牛乳乱舞【2】


 休日だからだろうか。軽快なポップミュージックの流れるスーパーマーケットは昼前でも賑わいがあった。カートを押してナメクジみたいな速さで食品を見て周る中年女性もいれば、目的の商品だけをカゴに詰めて先を急ぐ男性もいる。


 地元のスーパーに集まる人間は多種多様だ。その中に裏の仕事をしていた人間がちょっと紛れ込んでいても、誰も気がつかない。


 買い物かご片手に野菜コーナーで立ち止まっていた静音しずねは、スマホを閉じて逡巡しゅんじゅんする。


 奈緒なおのアイスだけ買って帰るつもりだったのだが、予定が変わってしまった。


 真信から送信されて来たのは買い物メモだった。複数店舗のチラシも添付されている。その中に描かれたいくつかの赤丸印。今日の特売品をついでに買ってこいとのことだった。


 全ての商品を購入するには店をハシゴするしかない。荷物の重さと最短ルートを計算して、一番早く買い物を済ませるスケジュールを導き出す。二通りまでパターンを絞って腕時計を見た。

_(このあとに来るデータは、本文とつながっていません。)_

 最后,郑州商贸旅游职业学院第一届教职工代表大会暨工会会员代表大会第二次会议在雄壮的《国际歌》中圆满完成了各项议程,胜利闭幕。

 速やかに帰って奈緒を見張らねばならないのだが、できそうにない。タイムセール品が混じっているせいで、どうあがいても三十分以上はかかってしまう。ここは奈緒を真信たちに任せるしかないようだ。


 もう一度ため息をつく。さて先に進もうと乳製品売り場に目を向けて、静音は顔をついしかめた。すぐに元の凛とした表情に戻るが、目尻の痙攣までは隠せない。

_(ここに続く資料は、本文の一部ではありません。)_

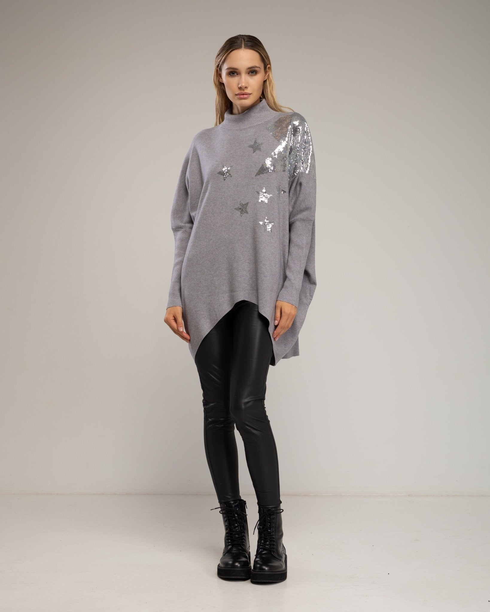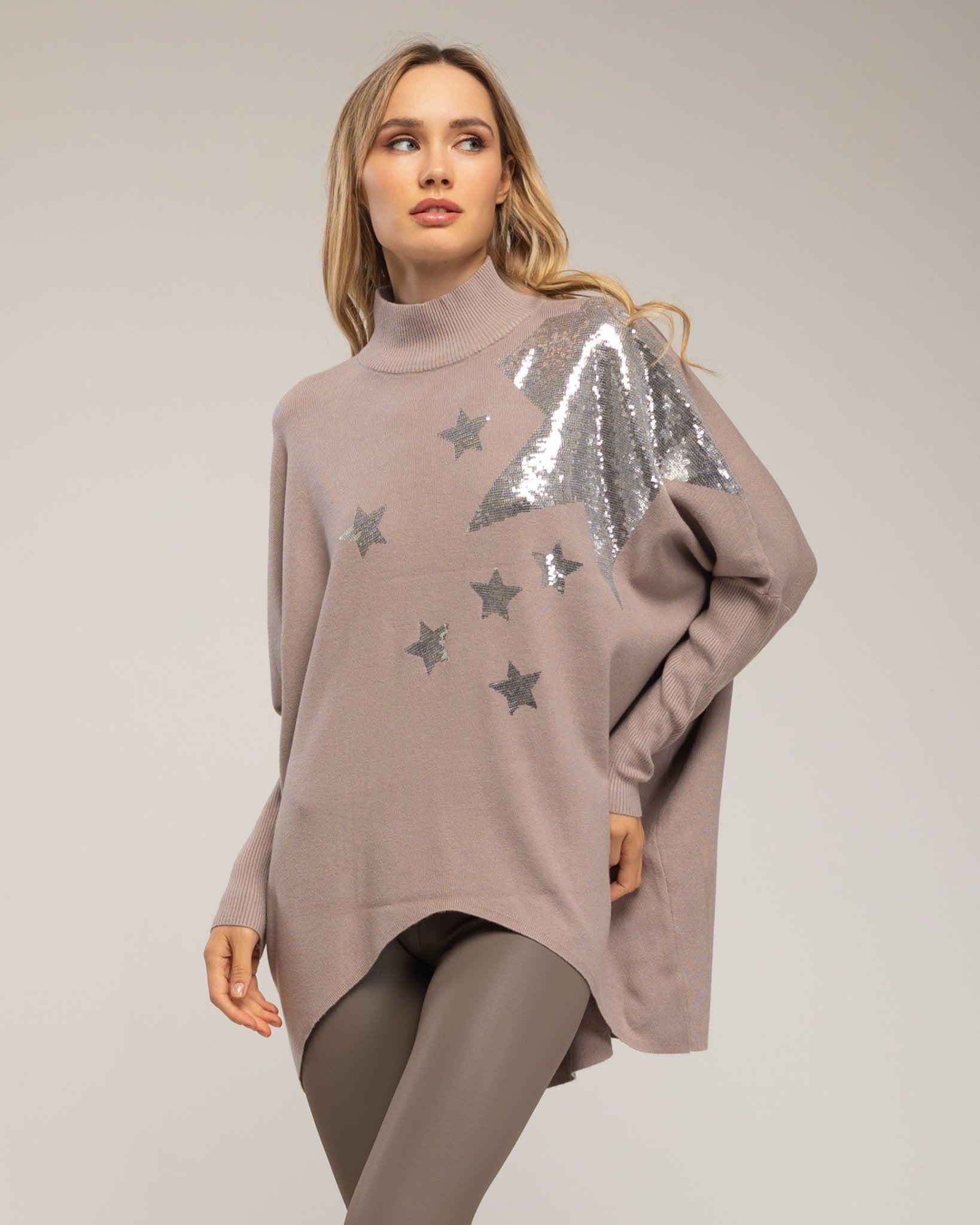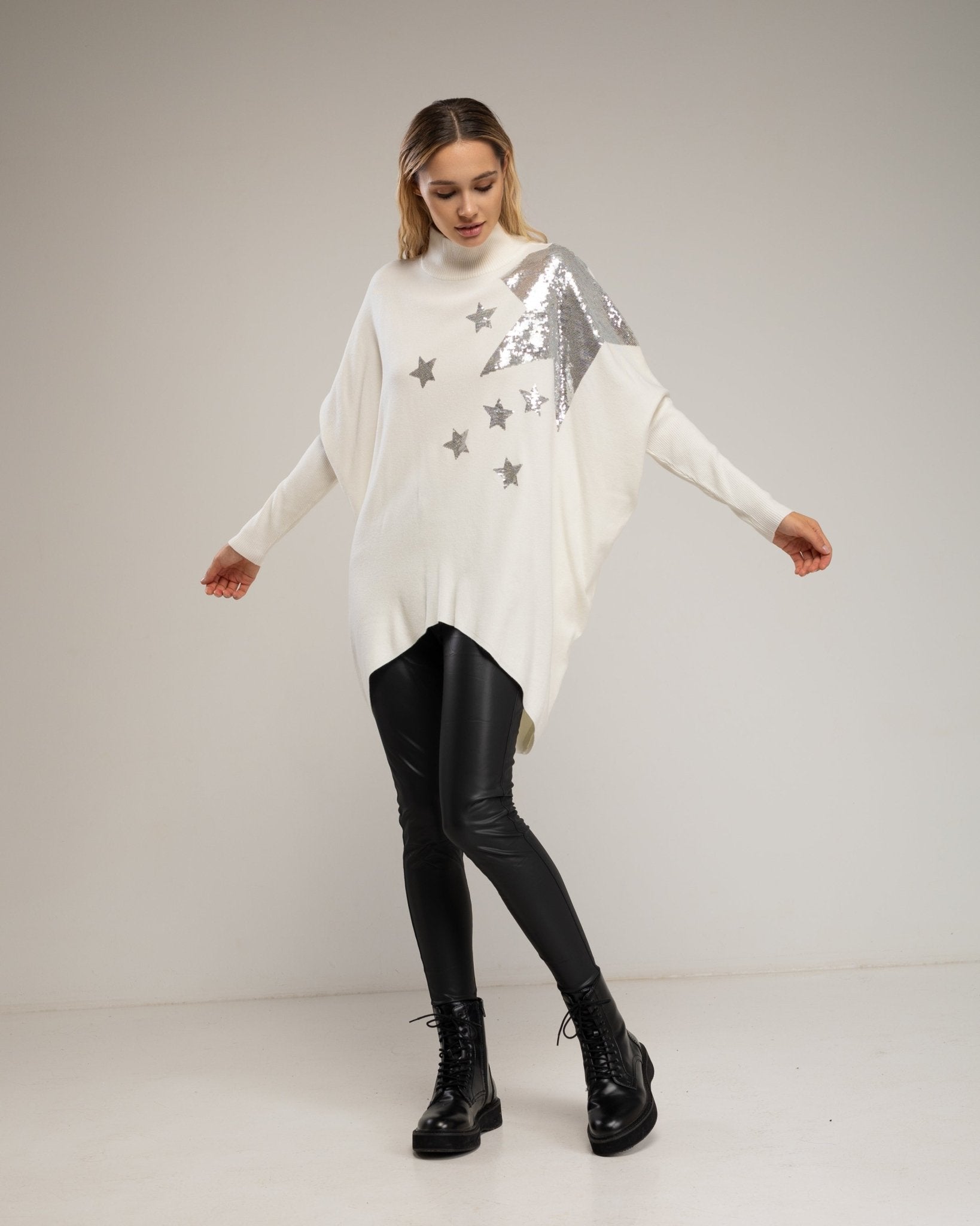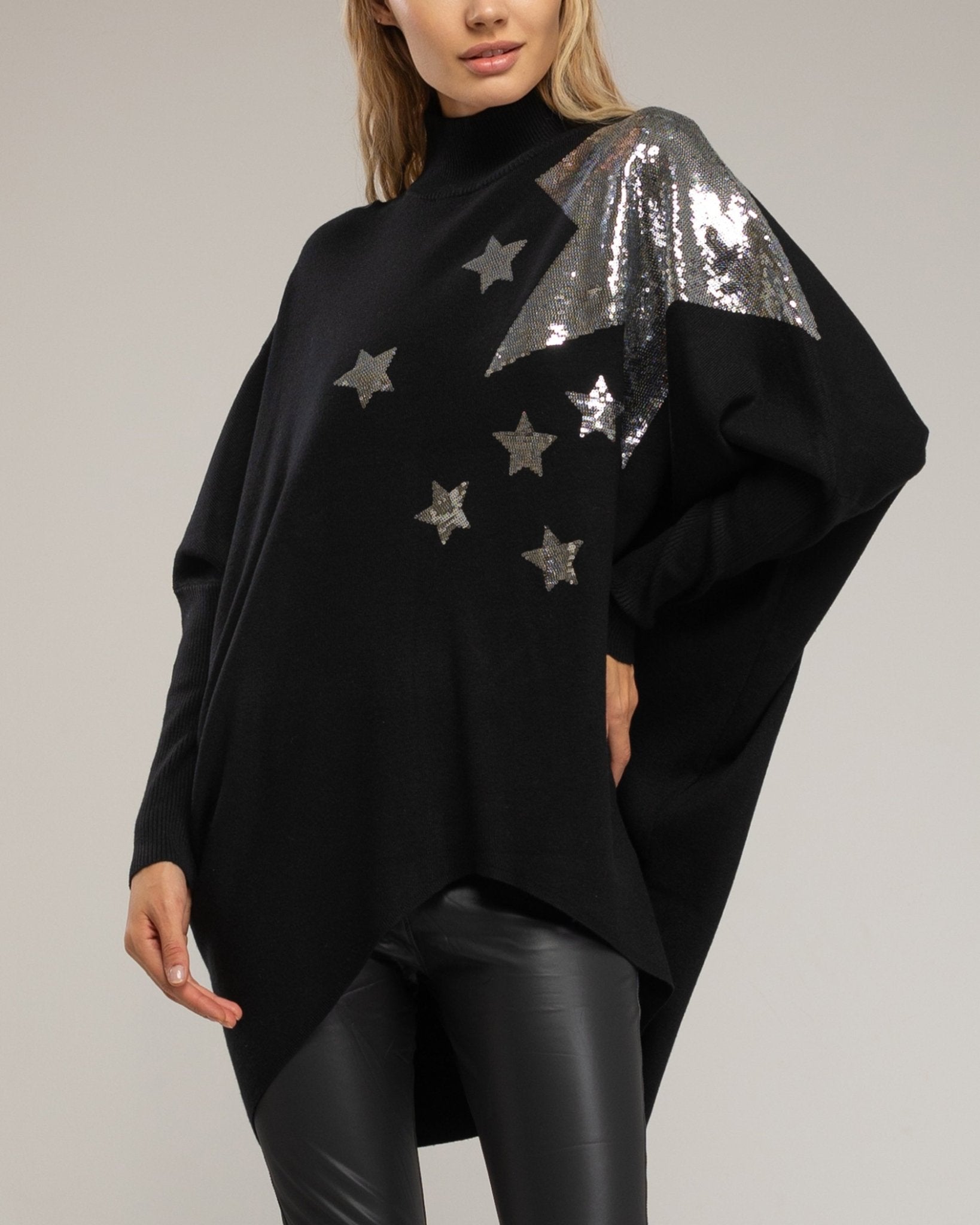 Jersey de punto fino amplio e irregular abajo, con estrellas de strass y cuello perkins
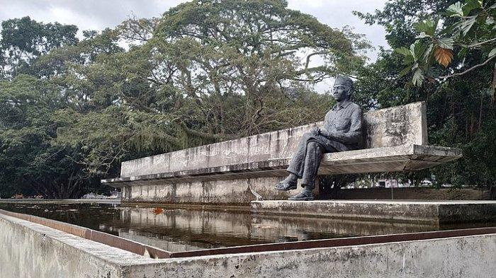 Di taman tersebut terdapat patung Bung Karno yang sedang duduk seperti orang yang sedang merenung.
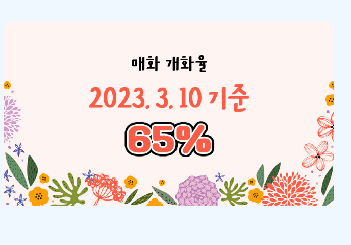 드디어 광양에서도 4년만의 공백을 깨고 2023년 광양 매화 축제를 개최한다고 해요. 꽃 축제의 가장 중요한 체크사항은 바로 일정인데요. 타이밍을 잘 맞추셔야 만발한 꽃을 만나실 수 있으므로 매화 축제 일정 늦지 않게 잘 체크하시고, 2023년 매화 개화 시기 반드시 알아놓고 가세요!

 そこにあったのはニリットル紙パックの牛乳だった。白いフォルム。青色の文字。草原で草をはむ牛のイラストがついている。


 スーパーでよく見かけるパッケージだが、静音はこれを見ると、嫌な記憶を思い出してしまう。


 それは今から約五年前の出来事。常に冷静を旨とする彼女が久方ぶりにぶちキレてしまった、本人にとっては黒歴史に認定すべき案件であった。



       ◇   ◆   ◇



「これでよし」


 屋敷の外に出て静音へメールを送信した真信は、奈緒の待つ和室に戻った。狭い畳敷きの小部屋にベッドが置かれた簡易的な病室だ。昨日までは医療器具や点滴も運び込まれていたが、マッドの判断でそれらは撤去された。奈緒の傷は順調に回復しているということだ。


 部屋に入ると奈緒は大人しくベッドに入っていた。その前に置かれた丸椅子に腰かける。真信の言葉を待つ奈緒に向け、少年は口を開いた。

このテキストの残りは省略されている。